In addition, as a means to ensure the surface pressure applied to the welded portion, it is necessary to increase the pressure, but conversely, the transparent presser jig warps due to the rigidity of the presser jig, and uniform pressurization is obtained. There is no problem.
In addition, as proposed previously by the present applicant, by providing ribs (protrusions) on the absorbent resin material, the surface pressure is secured, and by eliminating the gap between the two resin materials, good welding is obtained. Since the joint shape between the two resin materials is complicated, it is difficult to design the resin material mold. For this reason, it is necessary to establish a laser welding technique for ensuring laser welding quality with a jig at an early stage while keeping the shape of the resin product as it is, that is, the mold as it is.

  Furthermore, when using a transparent presser jig, if heat is generated during welding due to scratches etc., heat is transferred between the transparent resin material and the transparent presser jig, and the presser jig must be replaced because it becomes dirty. There is a problem of becoming.

  Further, in the above prior art method, since the laser light L is refracted and scattered by the transparent resin material 2 and the transparent holding jig 3 on the laser light irradiation side, it is difficult to reduce the diameter of the laser light L at the welded portion. There was a problem that fine welding was difficult. In order to solve this problem, in Patent Document 1, fine welding is possible by providing the holding jig on the laser irradiation side with a lens function for condensing laser light.

JP 2001-334578 A (FIGS. 5, 6, and 7)

  However, even in the laser welding method according to Patent Document 1, the holding jig with a lens function is soiled due to scratches, dust, or the like during welding, and the holding jig needs to be replaced. This holding jig with a lens function has a problem that the manufacturing cost is high, and frequent replacement of the holding jig causes an increase in cost.

The present invention has been made in view of the above problems, and its first object is to improve the structure on the jig side so that a sufficient surface pressure between the two resin materials can be secured, and both are welded well.
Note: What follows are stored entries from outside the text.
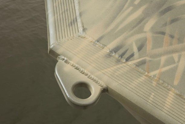 The second feature of note is the Sportsman’s hull thickness. Many aluminum boats under 16’ or 18’ have 0.08” thick aluminum, but this hull is 0.1” thick. Look on the boat’s fore and aft corners, and you’ll notice that welded to the hull, there are eyes. These allow you to stake the boat in place, once you've pick out your hunting spot. Other hunting features include a gunwale track mounting system for a blind, tool-holder, and other gadgets, plus a locking gun box.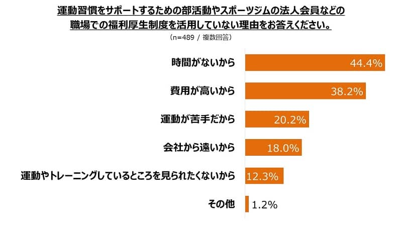その理由は、「時間がないから(44.4%)」が最も多く、次いで「費用が高いから(38.2%)」、「運動が苦手だから(20.2%)」となりました。[グラフ⑩]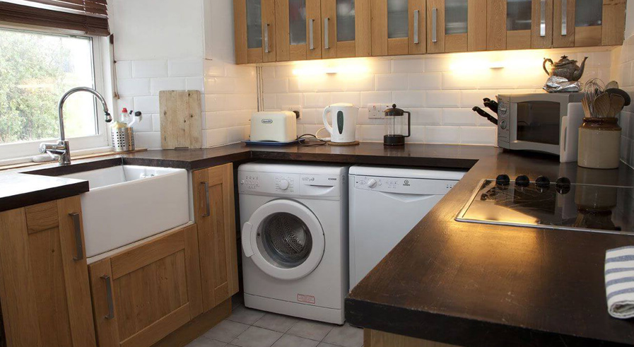 Цоколь кухни будет завышенным. Произойдёт это из-за того, что машинка в высоту около 90 см, ещё 1-2 см нужно для зазора между столешницей, которая тоже в толщину где-то 5 см. Получается, что высота кухни будет 96 см, а для низких людей это крайне неудобно.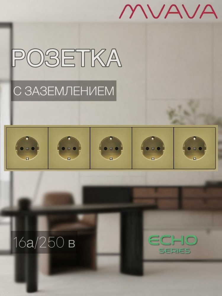 Розетка echo электрическая 5 постов 16А, пластик, цвет золото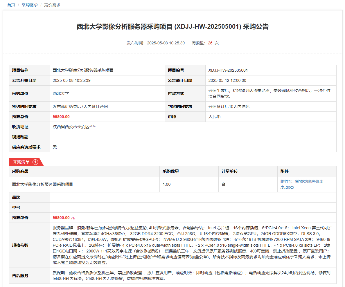 九游会在线登录官网影像分析服务器采购项目(XDJJ-HW-202505001)竞价采购公告 作者:采购与招标办公室 编辑: 时间:2025-05-08 原公告链接:https://www.ejingcai.com.cn/site/bidding/detail/18102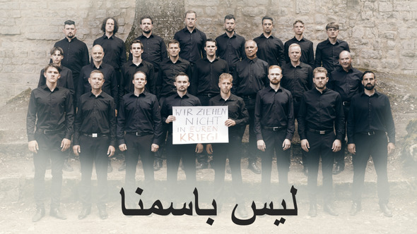 ليس باسمنا ليس باسمنا فيك وفيّ يجري نفس الدم كأبناء وآباء نقف هنا السلام والحرية هما كل خير نعم، من أجل ذلك نعيش ليس الأصل، ليس العرق، ليس الدين ليس هذا ما يفرق بين قلوبنا الحرية والسلام هي الرؤية من أجل عالم يستحق العيش والآن تريدون إجبارنا على قتل بعضنا البعض بوحشية في حين أننا في الحقيقة جميعًا إخوة نقول: ليس باسمنا! لن نخوض حربكم لن نحمل السلاح لأنها لن تؤدي أبدًا إلى النصر نقول: ليس باسمنا! لن نخوض حربكم لن نحمل السلاح لأنها لن تؤدي أبدًا إلى النصر إلى متى سيستمر هذا التحريض على الحرب والسلطة والجشع؟ هل تسمعون صرخات الضحايا تتصاعد إلى السماء من سيوقف هذا الجنون إن لم نكن نحن؟ من يثير الخوف والكراهية والغضب في الناس هو محرض على الحرب وعدو للبشرية هو الذي يقود كل شيء إلى الهلاك وينكر كل إنسانية نقول: ليس باسمنا! لن نخوض حربكم لن نحمل السلاح لأنها لن تؤدي أبدًا إلى النصر نقول: ليس باسمنا! لن نخوض حربكم لن نحمل السلاح لأنها لن تؤدي أبدًا إلى النصر أنتم تسلبون الأطفال آباءهم! خجلوا، أنتم الخونة إذا قادتم الأبرياء إلى المذبح واعتبرتم ذلك أمراً أخلاقياً فأنتم أيها الأمم تتفقون معهم لن يمنحكم أحد السلطة الدماء التي تلطخ أيديكم ستلاحقكم طوال حياتكم! نقول: ليس باسمنا! لن نخوض حربكم لن نحمل السلاح لأنها لن تؤدي أبدًا إلى النصر نقول: ليس باسمنا! لا تستغلونا لغضبكم الكراهية المُثارة مثل البذرة نحن لسنا أبناء الشيطان! نقول: ليس باسمنا! لا تستغلونا من أجل جشعكم أنتم من ستتحملون الضرر لأنكم قريباً ستكونون في مرمى النيران! تعاون في تأليم هذه الأغنية رجال من جنوب ألمانيا يدعون إلى السلام ويرفضون الحرب.

It is to provide a laser welding method of a resin material that can be performed.
The second object of the present invention is to prevent heat conduction between the transparent holding jig and the permeable resin material, prevent contamination of the holding jig, reduce replacement of the holding jig, and reduce cost. It is to provide a laser welding method of a resin material that can be achieved.

The present invention provides a laser welding method of a resin material according to each of the claims as means for solving the above-mentioned problems.
The laser welding method for a resin material according to claim 1 is a flat pressing jig made of a material that is transmissive to laser light, and the second resin material that is transmissive to laser light. A concave groove portion is formed on the facing surface of the pressing jig facing the convex groove portion corresponding to the concave groove portion of the pressing jig on the opposing surface of the first resin material facing the second resin material. In this state, the first and second resin materials are pressed by the holding jig, and the laser beam is irradiated to the welded portion through the grooved portion. By changing the structure, a sufficient surface pressure can be applied to the welded portion between the two resin materials, and good welding can be achieved. Further, heat generated during welding is not transmitted between the second resin material and the holding jig, so that the holding jig can be prevented from being soiled, and the frequency of changing the holding jig can be reduced.
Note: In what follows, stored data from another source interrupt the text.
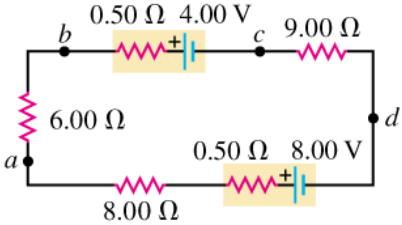 (c) A battery with emf 10.30 V and internal resistance 0.50 Ω is inserted in the circuit at d, with its negative terminal connected to the negative terminal of the 8.00-V battery. What is the difference of potential Vbc between the terminals of the 4.00-V battery now?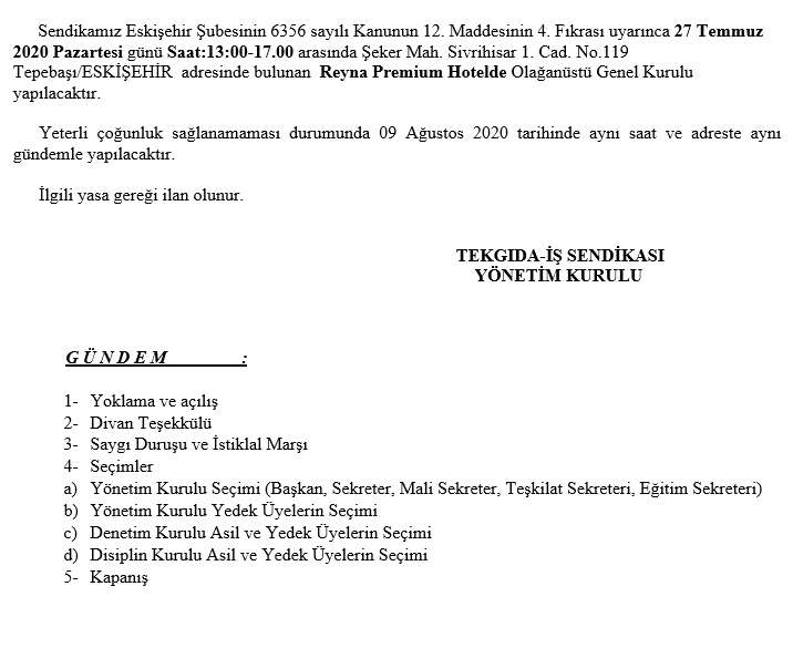 OLAĞANÜSTÜ GENEL KURUL İLANI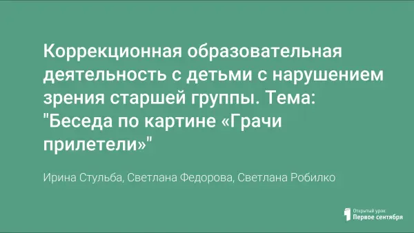 Коррекционная образовательная деятельность с детьми с нарушением зрения старшей группы. Тема: "Беседа по картине «Грачи прилетели»"

The laser welding method according to claim 2 is a method in which the upper surface of the convex portion of the first resin material is flattened, whereby a surface pressure can be effectively applied to the welded portion.

The laser welding method according to claim 3 is such that the width of the concave groove portion of the holding jig is substantially the same as the width of the convex protrusion portion of the first resin material. A surface pressure can be effectively applied to the welded portion between the materials, and heat transfer between the holding jig and the second resin material can be effectively prevented.
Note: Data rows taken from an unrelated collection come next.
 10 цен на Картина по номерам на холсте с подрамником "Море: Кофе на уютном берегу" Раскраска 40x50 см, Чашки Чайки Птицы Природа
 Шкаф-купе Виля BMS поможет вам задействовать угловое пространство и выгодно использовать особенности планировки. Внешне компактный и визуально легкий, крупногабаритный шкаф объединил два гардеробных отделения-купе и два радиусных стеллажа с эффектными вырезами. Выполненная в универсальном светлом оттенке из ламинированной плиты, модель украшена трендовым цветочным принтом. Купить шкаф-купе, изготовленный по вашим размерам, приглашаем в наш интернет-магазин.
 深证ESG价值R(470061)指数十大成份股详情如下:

The laser welding method according to claim 4 stipulates that the transparent material of the holding jig is polycarbonate (PC), a material coated with PC, or tempered glass. Sufficient strength can be secured together with light transmission.

  Hereinafter, a laser welding method of a resin material according to an embodiment of the present invention will be described with reference to the drawings. FIG. 1 is a diagram for explaining a laser welding method of a resin material according to the first embodiment of the present invention. Laser welding is performed in such a manner that a first resin material 1 that absorbs laser light and a second resin material 2 that is transmissive to laser light are superposed and in contact with each other. 2 is performed by irradiating the joint portion with laser light L from the resin material 2 side. In this case, the first resin material 1 and the second resin material 2 are usually connected by two upper and lower pressing jigs 3 (FIGS. 1 and 2 only show the upper pressing jig). It presses so that it may mutually contact | abut, and the laser beam L is irradiated from the holding jig 3 side. Therefore, at least the holding jig 3 on the irradiation side is made of a material that transmits laser light.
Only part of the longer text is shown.